The streets—if you could call them that—were packed dirt and sand, stained dark in places I didn't want to think about. Refuse piled in corners. The skeletal frames of stripped vessels rose in the distance like the bones of ancient beasts, picked clean and left to bleach under the merciless sun.

They shoved me into the back of a vehicle that looked like it had been assembled from the corpses of a dozen different ships. Mismatched panels welded together, exposed wiring sparking occasionally, the whole thing listing to one side like it might fall apart if we hit a bump too hard.

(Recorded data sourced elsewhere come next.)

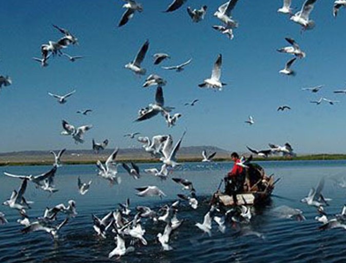 又名“布倫托海”,“福海”。位于準(zhǔn)噶爾盆地北部,福海縣城西北。“布倫托”,突厥語意為“灌木叢生”。這是新疆僅次于博斯騰湖的第二大漁業(yè)基地。由面積 165平方公里的吉力湖(小海子)和面積 730平方公里的烏倫古湖兩個(gè)水域組成。發(fā)源于阿爾泰山的烏倫古河流入其中,為該湖主要水源。湖水平均深度為八米,北岸斷崖,與額爾齊斯河僅距2.1公里,湖盆是由斷層陷落而形成的。烏倫古湖素以“戈壁大海”和鮮美“福海魚”而著稱。從克拉瑪依市出發(fā),沿公路去阿勒泰市,烏倫古湖是必經(jīng)之地。湖區(qū)水質(zhì)肥沃,浮游生物豐富,有浮游植物75種,浮游動(dòng)物10多種,水生維管束植物6種,底棲生物亦多,大、小湖均屬于營養(yǎng)型湖泊。主要經(jīng)濟(jì)魚類有:貝加爾雅羅魚、河鱸、斜齒鳊、東方真鳊、圓腹雅羅魚、銀鯽、丁卡等,以前4種產(chǎn)量居多。平均年產(chǎn)量約3000噸,最多年4500噸,占新疆魚產(chǎn)總量1/3以上。由于湖面水位下降,湖濱的沼澤面積逐漸減少,蘆葦產(chǎn)量和質(zhì)量均下降;1972年沼澤面積已減少22平方公里,蘆葦高度由2~4米變?yōu)楝F(xiàn)在的0.5~1米。同時(shí),沙堤、沙灘面積卻日漸增加。1960年以前大湖未見沙堤,1972年沙堤斷續(xù)露出水面。1980年沙堤已連續(xù),寬約400米,最高處露出水面2米。 大湖東部駱駝脖子出口處變窄變淺,正向潟湖方向發(fā)展。從環(huán)境條件看,烏倫古湖可從近20多年的惡性循環(huán)轉(zhuǎn)向今后的良性循環(huán),主要措施是從額爾齊斯河增加引水量,并從烏倫古河揚(yáng)水灌溉湖周草地及湖西南地區(qū)。這樣不僅湖水位可回復(fù),湖水加速循環(huán)后亦可淡化。從額爾齊斯河引水的規(guī)劃工作正在進(jìn)行。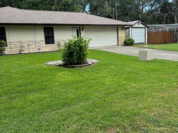 Located in the heart of Florida Shores in Edgewater. is this well maintained 3 bedroom, 2 bath home, sitting on a large corner lot with a screened in Pool, a work shop and plenty of room for an RV, with total privacy fencing and an oversize 2 car garage. Inside there are high volume ceilings, an open floor plan, with split bedrooms. The Great Room is spacious with large windows, giving the room lots of natural daylight. The Primary Bedroom is 15X15 with large walk-in closet; large bathroom with a walk-in shower, and there is a sliding door that takes you to the pool. The kitchen has lots of cabinets with lots of counter space. The AC was replaced in 2024 and the roof was replaced in 2022. There is a well and irrigation system.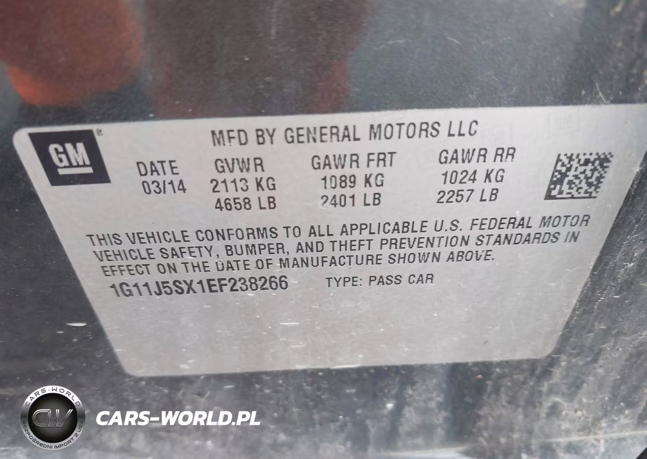 IAAI Nr: I-44565335 VIN: 1G11J5SX1EF238266 Port: Indianapolis, IN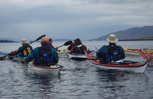 After weeks of wind and rain and two cancelled trips, the forecasts at last promised little or no wind and wall to wall sunshine for all of two days - all the time needed for the long awaited paddle to Tobermory on the Isle of Mull! Six paddlers set off from Laga Bay west of Salen on Loch Sunart and paddled on the out going tide towards the island of Carna. On this leg we were lucky enough to have a close encounter with three porpoises who came within feet of our boats before diving deep. We managed to squeeze through the narrows between Oronsay and the mainland at Doirlinn before they dried out, and paddled on down Loch na Droma Buidhe. Having lunched at Auliston Point, we set off across the Sound of Mull watching out for the many ferries and small craft that ply up and down this busy seaway.

I wasn't alone. Three others sat in the cargo area, chained to the walls like I was. They didn't look at me. Didn't acknowledge my existence. Their eyes were distant, already somewhere else—somewhere that wasn't here, wasn't this.

The vehicle lurched forward with a grinding sound that made my teeth ache.

Through the gaps in the paneling, I watched Fange City slide past. We moved through the market district, past the stalls I'd seen before, then into areas that got progressively worse. Buildings that were more ruin than structure. Streets that were just packed dirt and refuse. People—if you could call them that—huddled in doorways and alleys, their eyes hollow and hungry.

The city thinned out as we reached the outskirts. The buildings gave way to open wasteland, stretches of barren ground dotted with the skeletal remains of crashed ships and abandoned equipment. The sky here seemed darker somehow, like even the light didn't want to touch this place.